You’d be saying something redundant and inconsequential. Often times, if the instance is widely seen as a negative one (long queue), you’d serve to exacerbate the negative internal dialogue which goes on in the minds of others around you.
Advertising your observation that it’s raining when others obviously know it is, encourages a reputation of not having a sense of importance to everything you say. Your act of stating the obvious too many times will develop a habit of not taking your word to be important in others.
People don’t enjoy being told what they already know without any sort of additional value tagged on. In an effort to show you that they already know the information that you’re presenting to them, their responses may not be those which you expect.

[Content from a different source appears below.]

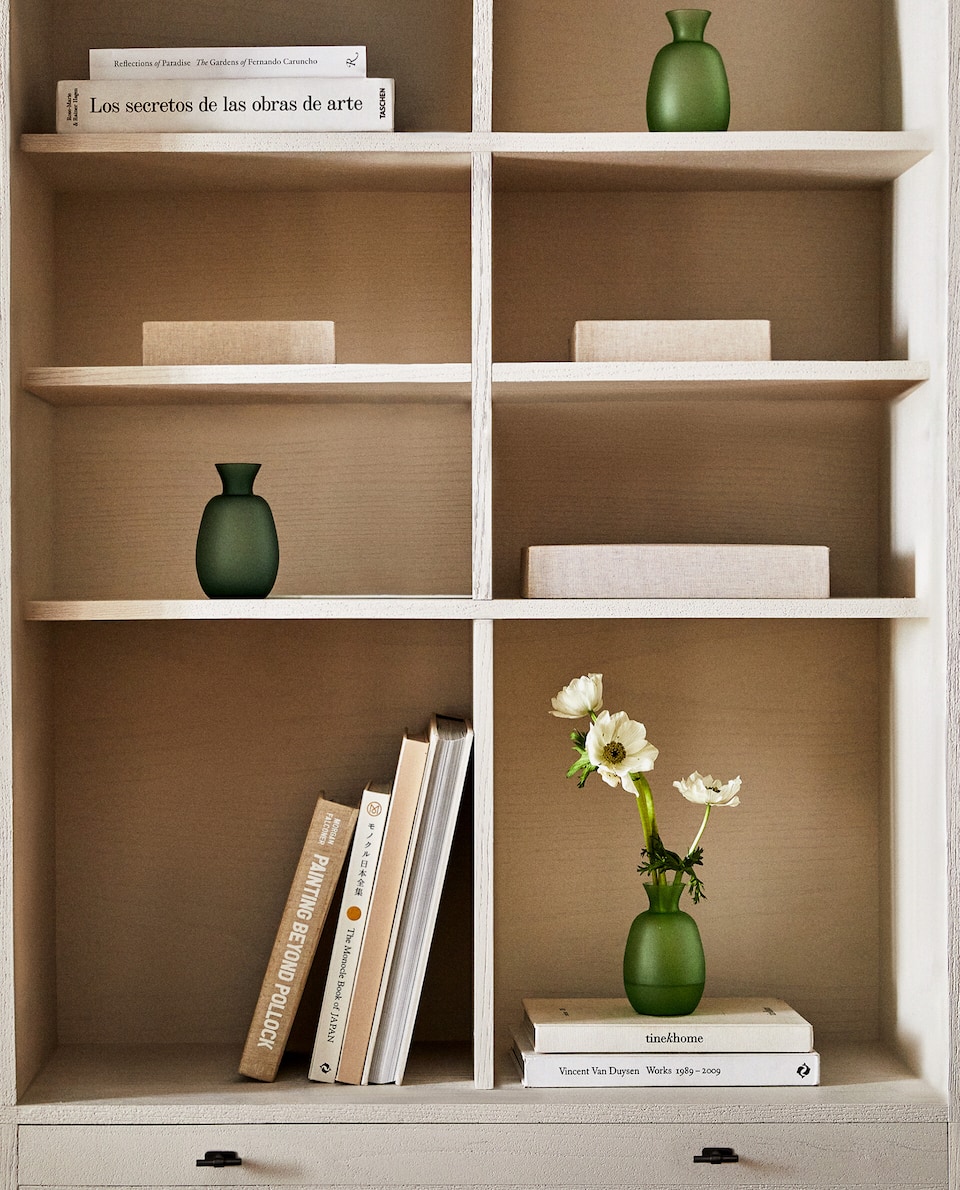 本を置かず直に花器を置いてしまったら、余白が出すぎてポツンと感がありますよね。
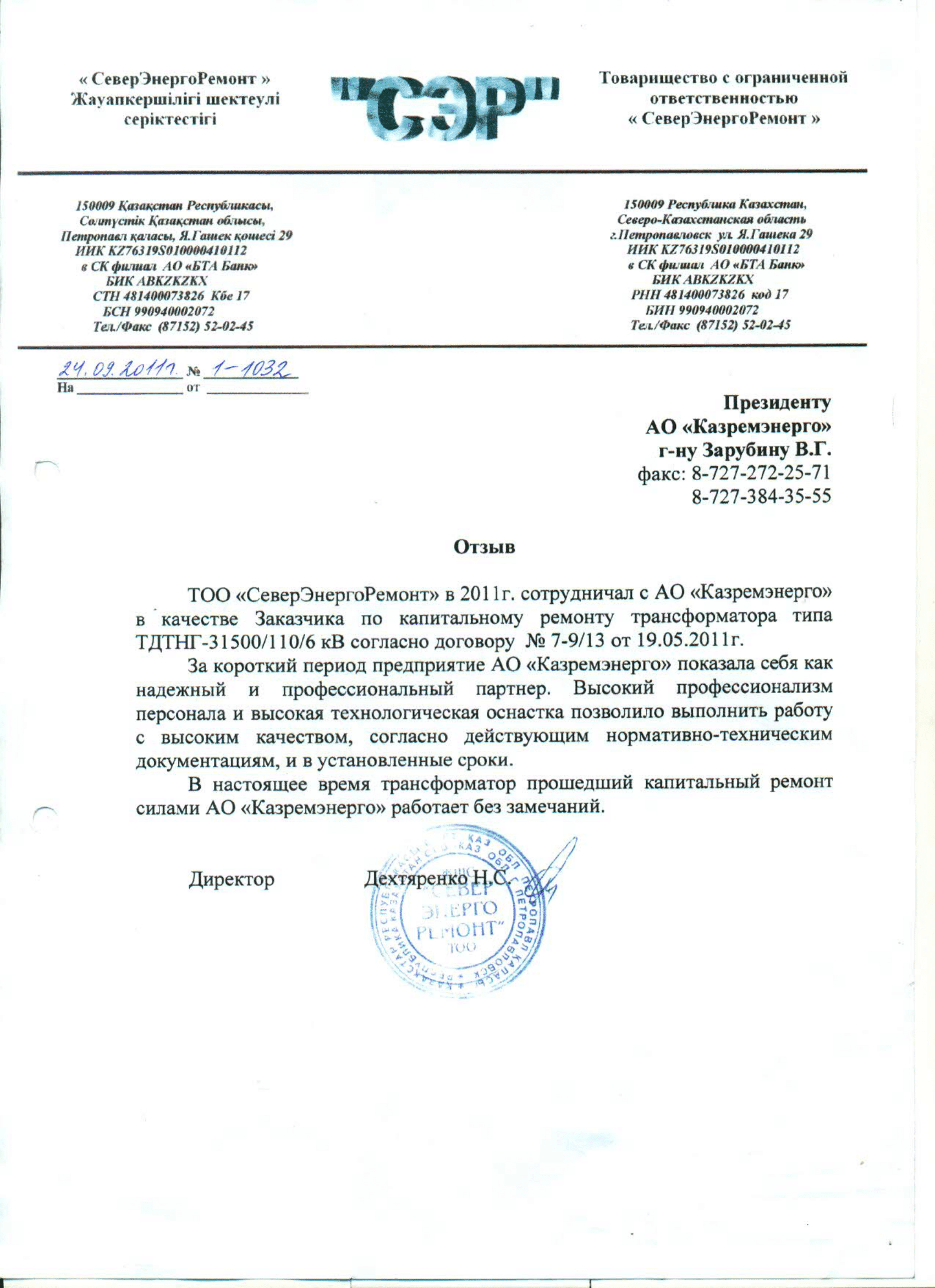 АО «Казремэнерго» основано в 1958 году как специализированное предприятие по ремонту, монтажу и наладке энергетического оборудования в Казахстане и Средней Азии

Taking the Reins You Haven’t Earned Control Of
Often times, your announcement of rain coming down is an effort to inform and guide others toward a plan which accounts for the rain coming down. In your attempt to infuse the role you hold in your social circle with leadership, you’d be enticed to use the obvious fact of it raining to introduce the ideas you have surrounding it.

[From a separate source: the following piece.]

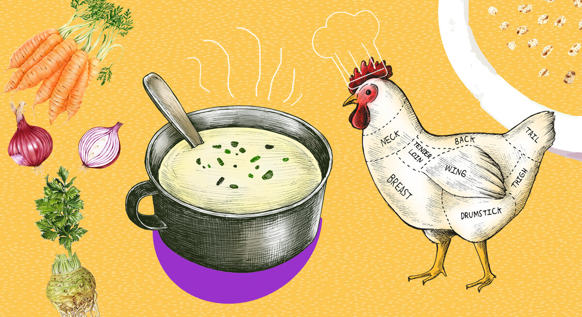 В далёком 2005 году я училась на программе «Маса» при Еврейском университете в Иерусалиме. Первые несколько недель мы ели в кафе, потом посмотрели на цены, на нашу стипендию и решили покупать продукты в продовольственном магазине на территории общежития. Потом посмотрели на цены, на нашу стипендию и решили делать покупки в большом супермаркете. Программа длилась 10 месяцев, мы выживали как могли: освоили покупки на рынке и научились минимально готовить. Весной в гости приехала мама, которая пообещала приготовить мне что-то вкусное по моей просьбе. Я сказала, что хочу только куриный бульон. И если меня попросят составить рейтинг лучших бульонов в моей жизни, то этот войдёт в пятёрку. К слову, если вечер в компании друзей перестал быть занимательным или вам срочно понадобилась беспроигрышная тема для разговора — попросите каждого рассказать историю о лучшем бульоне в его жизни.

You’d start off with, “Looks like the rain just started coming down,” in a perhaps uninformative attempt to introduce yourself as someone with ideas. As others pitch in with their thoughts on it raining, you’d have opened up an opportunity for you to suggest the following: “Maybe we should sit it out at that pizza place over there.”
Though the idea to sit out the rain may be a good one, your uninformative introduction would likely cause you more harm than good. Though it is a relatively minute detail in the social interactions you have with others, telling people being rained on that it’s raining does not entice them to acknowledge you as someone who has anything enlightening to say afterward.
Your good ideas which come later are slightly hurt when you state the obvious as an introduction to them.
Jump to the Idea, Not the Observation
If you have an idea surrounding the fact that it’s raining, the sun setting, or you missing the bus, jump to it right away. Assume that the ones around you know and understand the obvious happenings your good ideas are birthed from.
In your presentation of the action you propose people take, your act of skipping the obvious would make those around you feel understood. It would be an easy chance for you to communicate that you think similarly to those who are around you. You’d be providing new, unique, pieces of information surrounding the obvious event(s) in question.
People will be enticed to listen, as they too, would be mulling over the obvious on their own. They’d also be thinking of potential solutions for the fact that it’s raining. You’d be supporting them on their goal to figure out what to do in the face of rain rather than taking their attention back to the fact that it is, indeed, raining.